シャム系の猫らしいやや寄り目のブルーグレーのガラス玉が百合子を見上げている。
日本猫との雑種だそうだから、
ピンクがかったベージュ色の短い毛が身体全体を覆ってはいるものの、
シャム猫の特徴として表れるシールポイントと言われるこげ茶色の毛は
スージーの顔の中心と尻尾にそれ程濃く色づいてはいない。
尻尾も床に倒れるほどに長くは無く、そうかといって尾曲がり猫のようにちぎれた短さでもない。
中途半端な長さの尻尾が30度くらいの角度で立ち上がったままである。

「スージー?…びっくりした。今ね、あんたのパパのメール読んでたのよ」
ぅなーお、ぅぅぅなーん。
「パパって言ったら分かるのかしら…
ちょっと今さ、構っていられないから後にしてくれる?」ぅなーお、ぅなーお、あんあん。
「うるさいなあ。あっち行ってなさい…ほら」
「おい、腹が減っているんじゃないのか」
「…あら、帰っていたの」

夫の龍彦がチワワのジャックを抱いて立っていた。
グレーのパーカーにベージュの毛がくっついている。
やや内股の長い足に履きこんだインディゴブルーのジーンズ。
スージーは百合子の黒いスパッツを履いた足元から向きを変えて、青い長い爪とぎに絡まり始めた。
「ただいまぁ、スージー。いたた…おニャかすきましたかー。待っていなさい、
今かつおスティックあげるから」
龍彦は居間件ダイニングキッチンのカウンター下にある引き出しの一番上から「チャオ」というメーカーの細長い袋を取り出した。
白い猫の写真がパッケージに付いている。
ん、なーお、ぅなーお…
引き出しが開けられる音に反応してスージーが身を乗り出した
。袋を破る前からピンクベージュが龍彦の右腕に絡みついた。

「スージーはこれが大好きだもんなー…おい、買い置きがもう無いぞ。
リビングホームの特売は昨日で終わっていただろ?」
リビングホームというのは隣町のホームセンターである。
この夫婦は犬と猫の食事はその店で買い揃えることが多い。
「知らないわよ。貴方がチラシ見ていたのなら、自分で買ってくればいいじゃないの」
百合子は夫の夕飯の支度が遅れているのを咎められるのならまだしも、
猫のおやつで指図されたことに苛立った。

「あのね、春夫から今日メールが来ていたの」
「春夫さんから?何で、今頃?」
い、ま、ご、ろ?今更、ではないのか。
百合子は呆気にとられた。
夫がまるで春夫のことを龍彦の大学の先輩からの便りが届いたかのような反応を見せたからだ。

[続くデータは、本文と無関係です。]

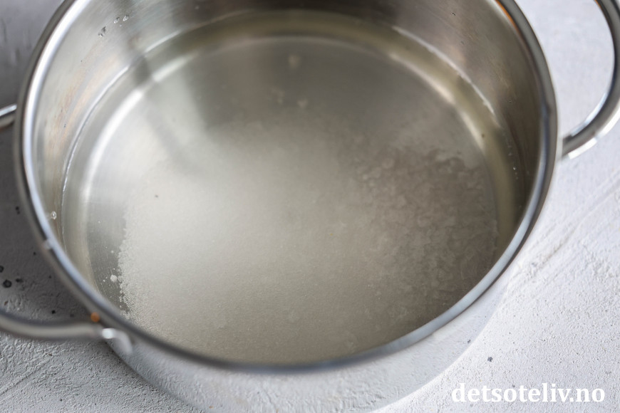 Ha vann, salt og sukker i en kjele. Varm opp og rør til saltet og sukkeret har løst seg opp.

「春夫がスージーを近いうちに引き取りたいって言ってる…」
百合子は夫に春夫がメールに書いてきた近況をかいつまんで話した。
「何だよ、それ。マジかよ。春夫さんはスージーを置いていったんだろう?今更、何言ってるの」
今更、というフレーズがこの時龍彦の口から出たことに百合子は目を見開いて夫の薄い唇を凝視した。
「どうせあの人のことだから、文学賞なんて言っても現実味が無いのだろうけどね。今までだって候補にすら上ったことは無いのだから」
「でもさ、春夫さんの書くもの、俺結構好きだぜ。
猫の話いっぱい書いてるだろ。デビュー作の『湖畔の猫』って新人賞取ったじゃないか。他にも…」
龍彦が春夫の作品を読んでいたことも百合子は知らなかったが、次から次へと猫を題材にした作品を羅列していくことにも驚いた。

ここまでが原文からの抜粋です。